(Stored items from a collection)
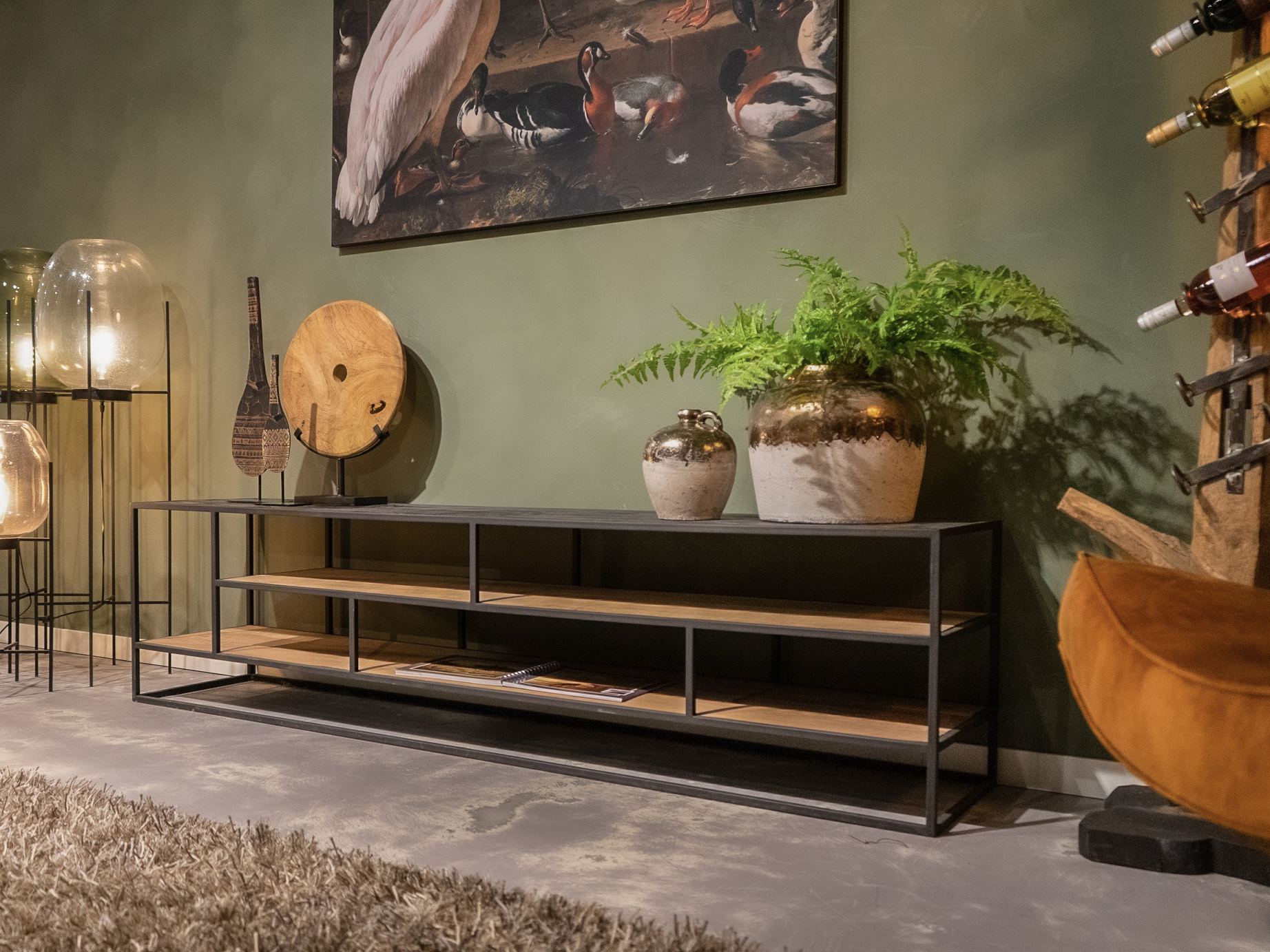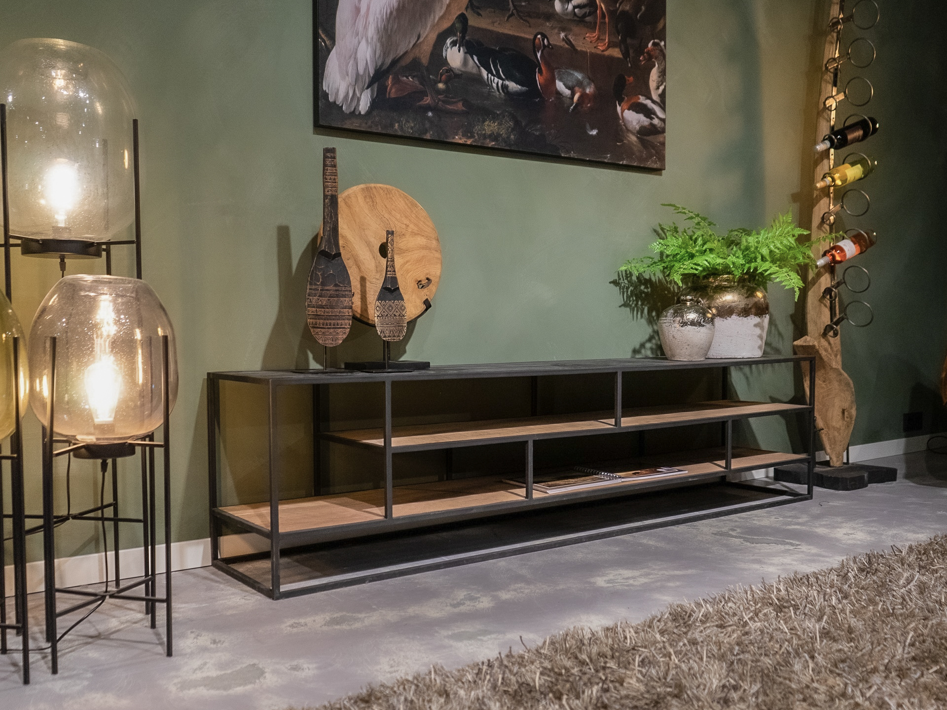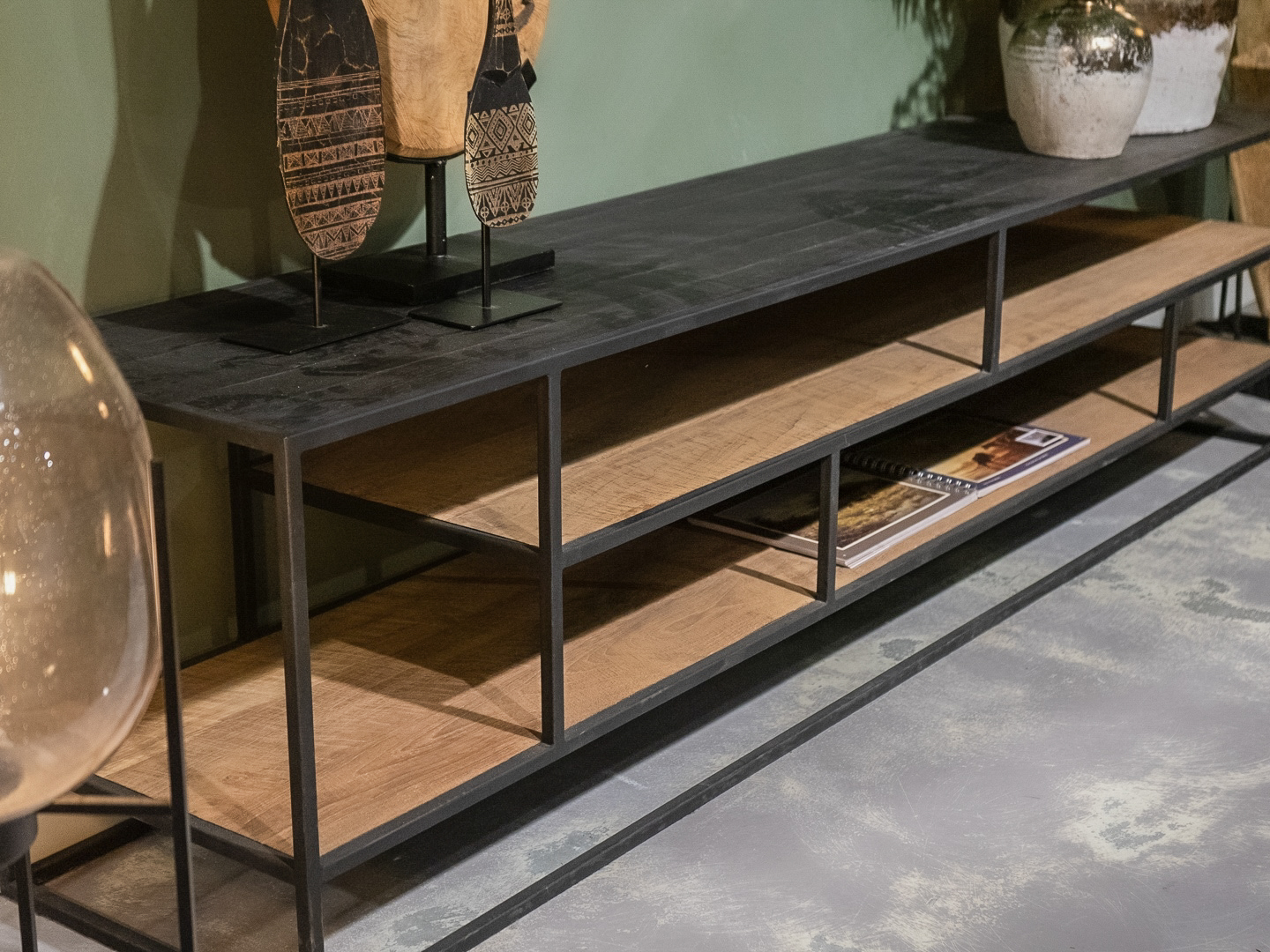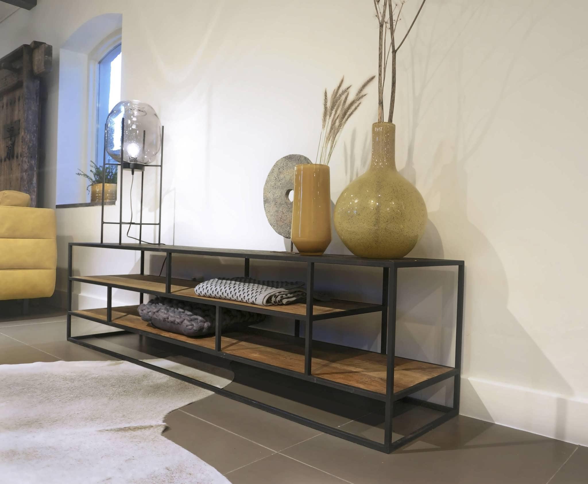 Stoer industrieel tv-meubel van oud recycled teak en stalen frame. Deze variant op onze Maldini serie is leverbaar in 5 verschillende uitvoeringen, 3 uitvoeringen met deurtjes en 2 open vak modellen. Dit model combineert mooi met andere producten uit de Marconi serie, maar ook met de Cavallo, Ferro, Larino en Noma serie. Het oude teak hout krijgt een 2e leven in deze meubels, elk meubel heeft zijn eigen karakteristieke kenmerken wat elk meubel uniek qua uitstraling maakt.
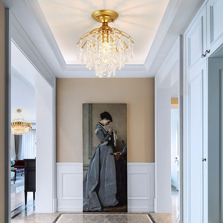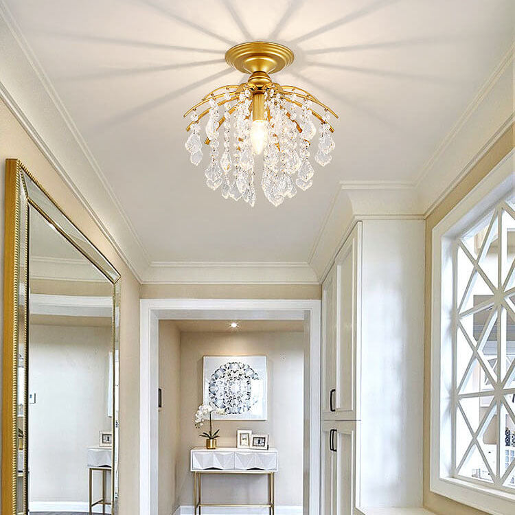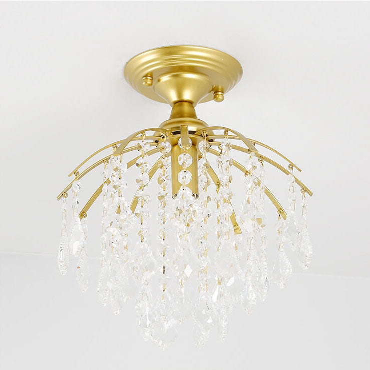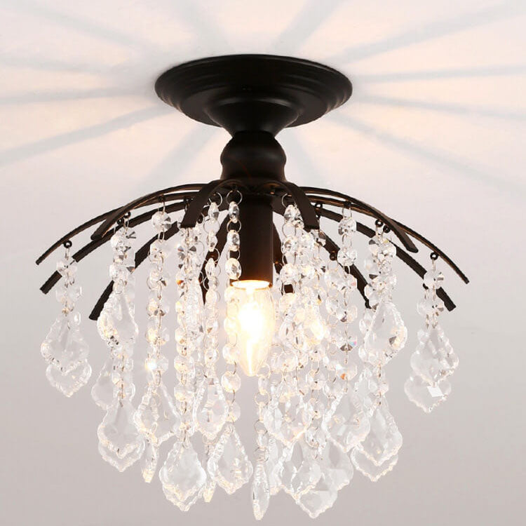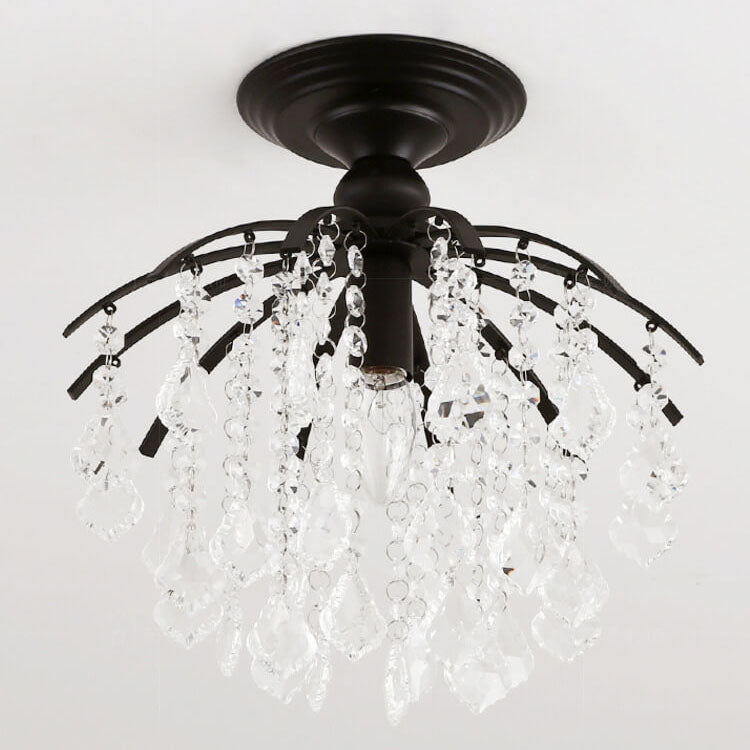 Scandinavian Modern Round Iron Crystal 1-Light Semi-Flush Mount Ceiling Light
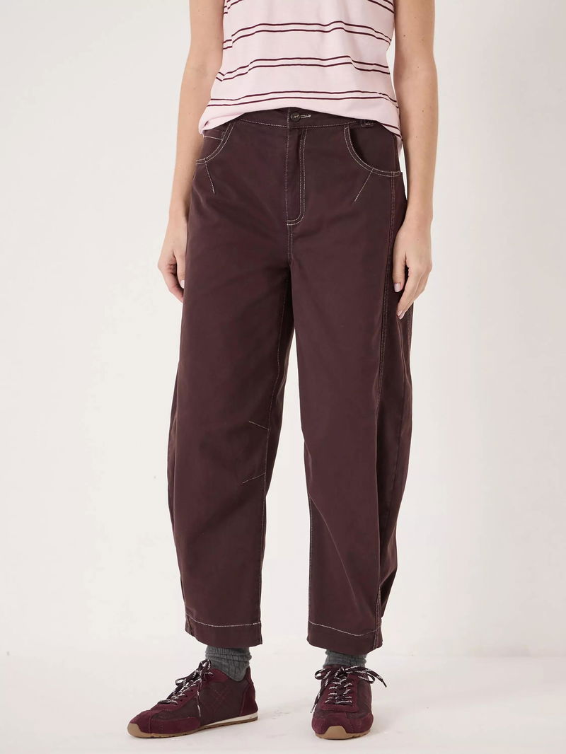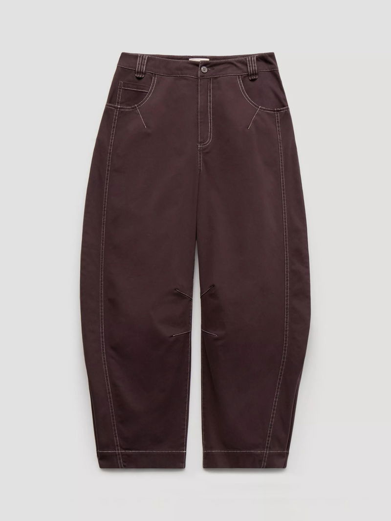 Bryce Seam Detail Barrel Leg Jeans, Dark Red
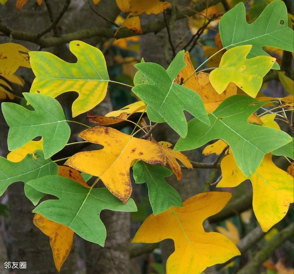 是不是秋叶有四个尖的?好像有一年在紫竹院靠近西北门的地方看到过,当时觉得这叶子形状真有意思。
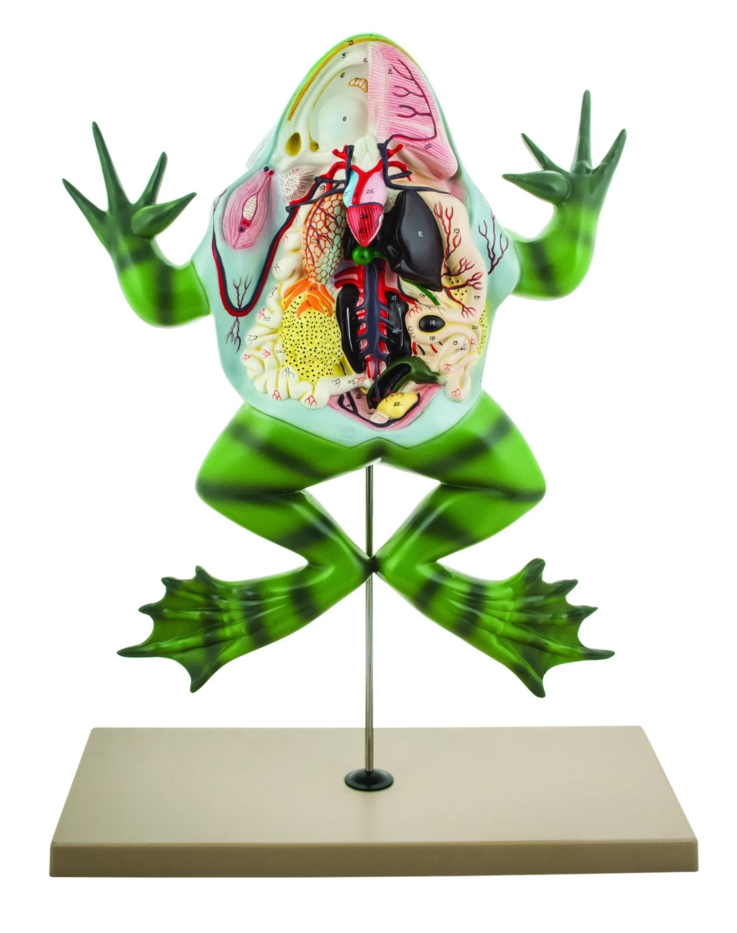 The detailed 3D rendering of a frog dissection with its vibrantly colored anatomy is ideal for studying the structure and function of the basic organs in a frog. Key anatomical parts are colored and numbered for comparison with the anatomy key that is included – all major organs are clearly visible and labeled on the ventral side. The frog itself can also be removed for further manipulation and investigation. This model provides a visually and kinesthetically effective method for studying the structure and function of the anatomy of a frog. It is a particularly useful tool for students who struggle with dissection to understand the basic anatomy that is gleaned from doing a dissection.
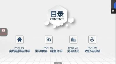2018级环境科学(中外合作)专业的徐中钰同学通过展示实践选择与目标、见习单位与科室介绍、自己的见习经验以及收获与总结四个方面,向同学们分享了实践经验与注意事项。同时,徐中钰同学建议:同学们的学时应当在大二结束前达到毕业要求,为在高年级准备其他事务腾出时间。并且,同学们应该尽早总结出学习经验,为以后的需要打好基础。

▶ [EXERCISE BRIEF]: Starting with the line that has "Scandinavian Modern Round" and going on through the line that has "是不是秋叶有四个尖的?好像有", transcribe the records above exactly, but skip the pictures.

▶ [SOLUTION TO THE PROBLEM]:
 Scandinavian Modern Round Iron Crystal 1-Light Semi-Flush Mount Ceiling Light
 Bryce Seam Detail Barrel Leg Jeans, Dark Red
 是不是秋叶有四个尖的?好像有一年在紫竹院靠近西北门的地方看到过,当时觉得这叶子形状真有意思。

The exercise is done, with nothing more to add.